御曹司は箱入り娘を初夜に暴く~お見合いしたら、溺愛が始まりました~
私が透さんを鮮明に覚えているとも知らず、美砂はここへ持ってきて膝に置いていたA4サイズの冊子を二冊、テーブルの上に出した。

一冊はずっしりと重そうなピンクのアルバム。
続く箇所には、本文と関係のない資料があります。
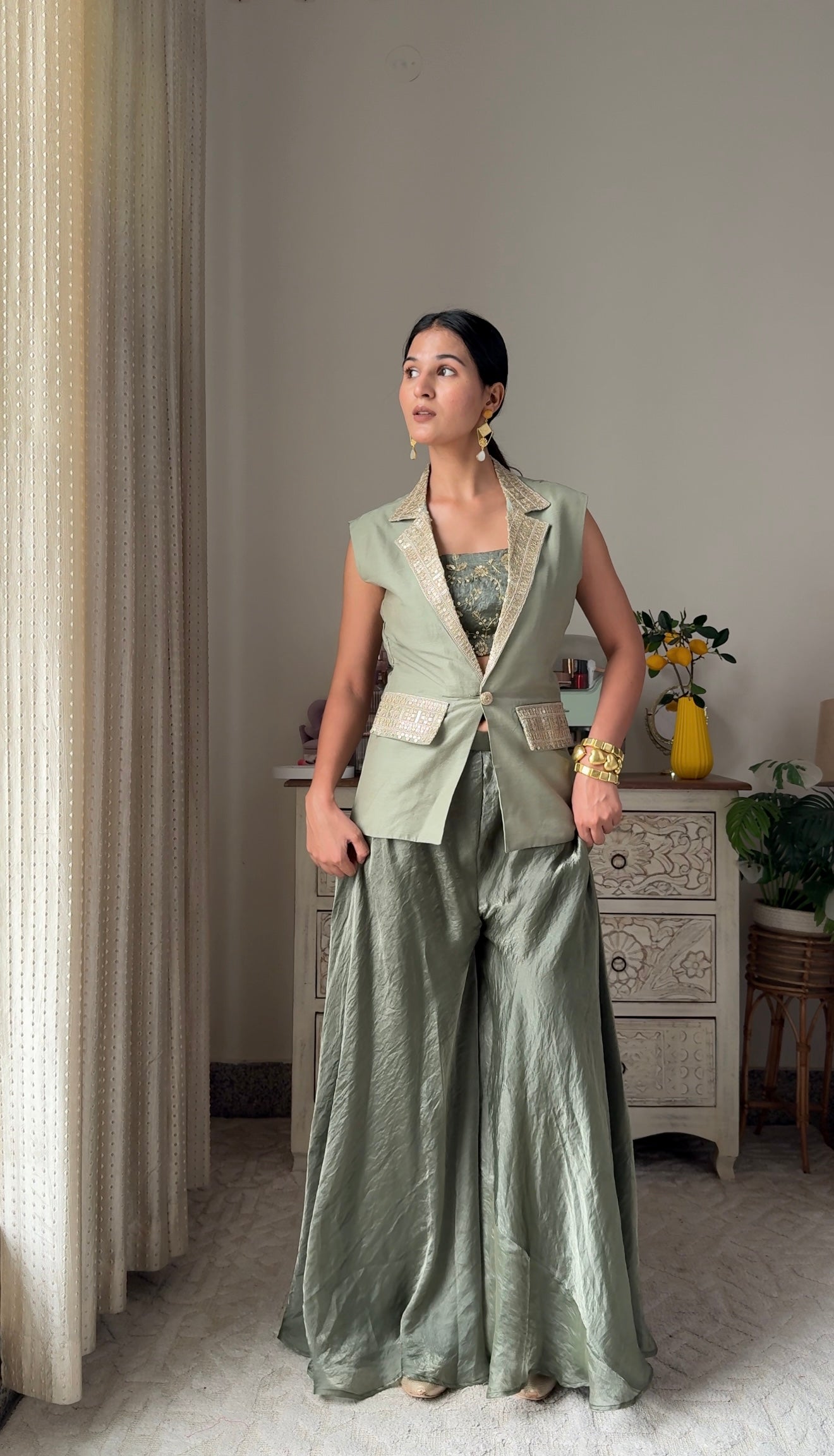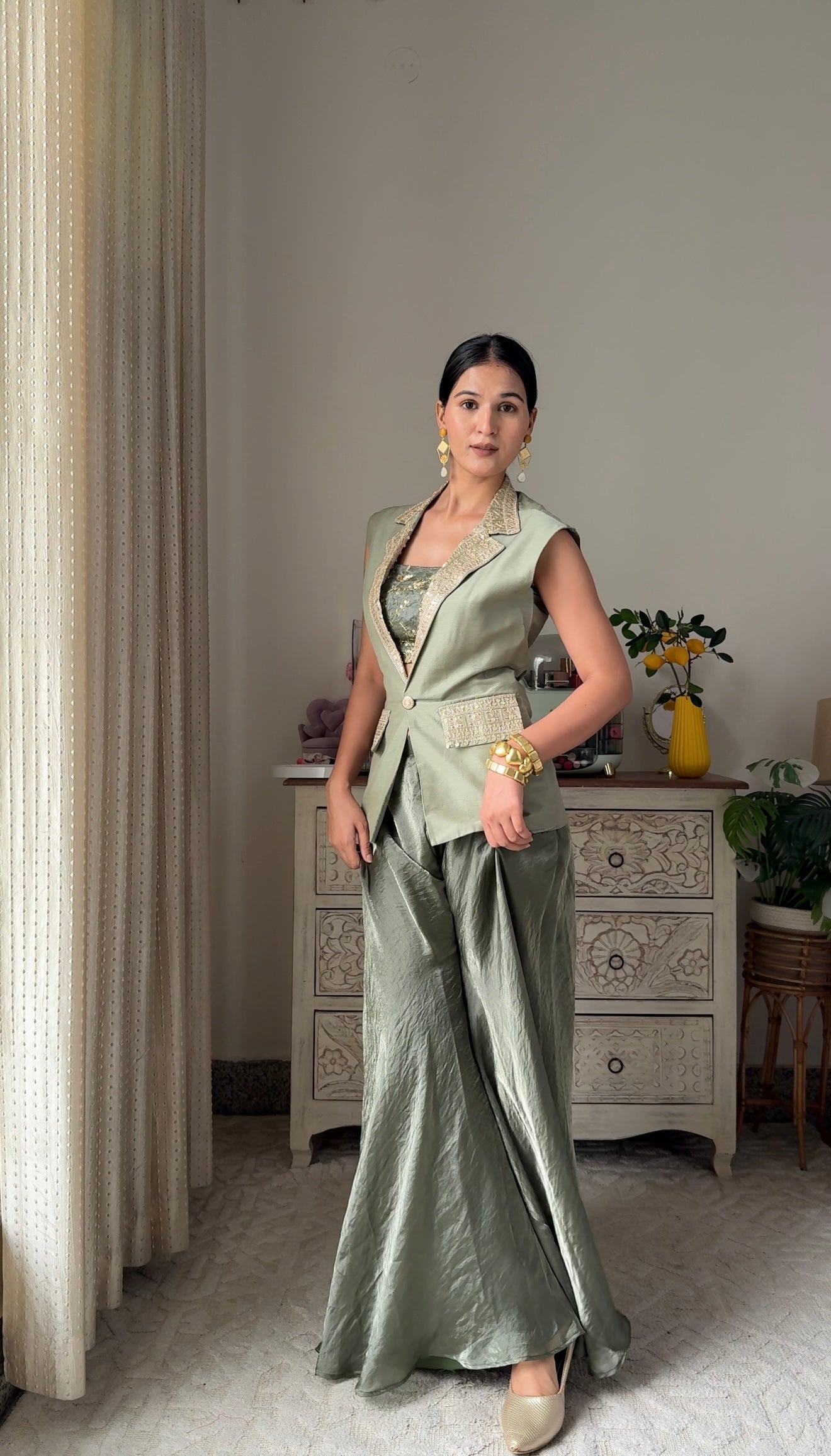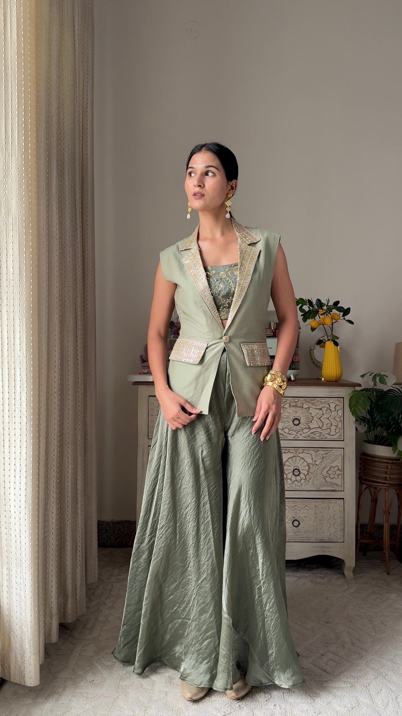 Castleton Green Blazer Three Piece includes a blazer, a waistcoat, and trousers. The fabric feels smooth. The blazer has a notch lapel with one button. The trousers are slim fit. The fit is clean, so it looks smart but not tight. Good for weddings, parties, or occasions. Pair it with clean shoes.
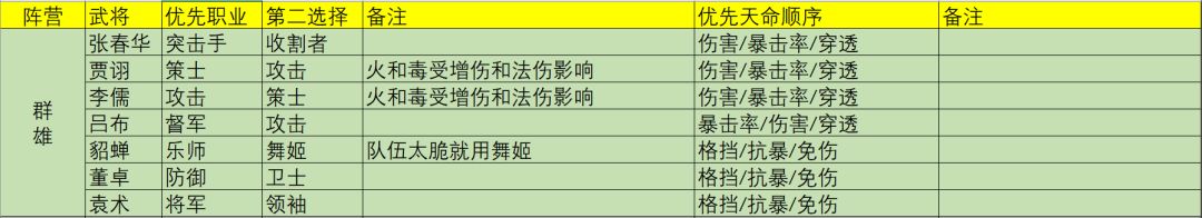 最后有各武将推荐表格,鉴于这个游戏的PVE和PVP要区别对待,所以在实战中还是要多考虑一下自己需要的东西,是要更多的伤害还是要更多的防御。其实主要就是围绕了几个方面,

もう一冊は、経済雑誌だ。
まず姉はアルバムを先に開き、私たちと透さんが三人で写っている写真を指差した。

「……懐かしいね」

ついそうつぶやいてた。
凛と立つ透さんと、ピースをして彼の隣に寄り添う美砂、そしてぎこちない笑顔の私。

あの頃の透さんがよみがえる。

透さんは美砂よりさらにふたつ年上で、私とは三歳差。

私たち姉妹は幼稚舎から大学までエスカレーター式の『アベリア女子学院』出身で、先に大学に進学した姉はすぐに、隣にある最高学府『東帝大学』のボランティアサークルに加入した。
そこにいたのが、大人気の透さんだった。

アルバムの彼を見ると、当時の人気ぶりに改めて納得する。

平均的な男性より頭ひとつ分飛び抜けていた背丈に、フォーマルもカジュアルも着こなす抜群のスタイル。
甘く若々しい美形なのに、艶のある黒髪が真面目な印象を際立てていた。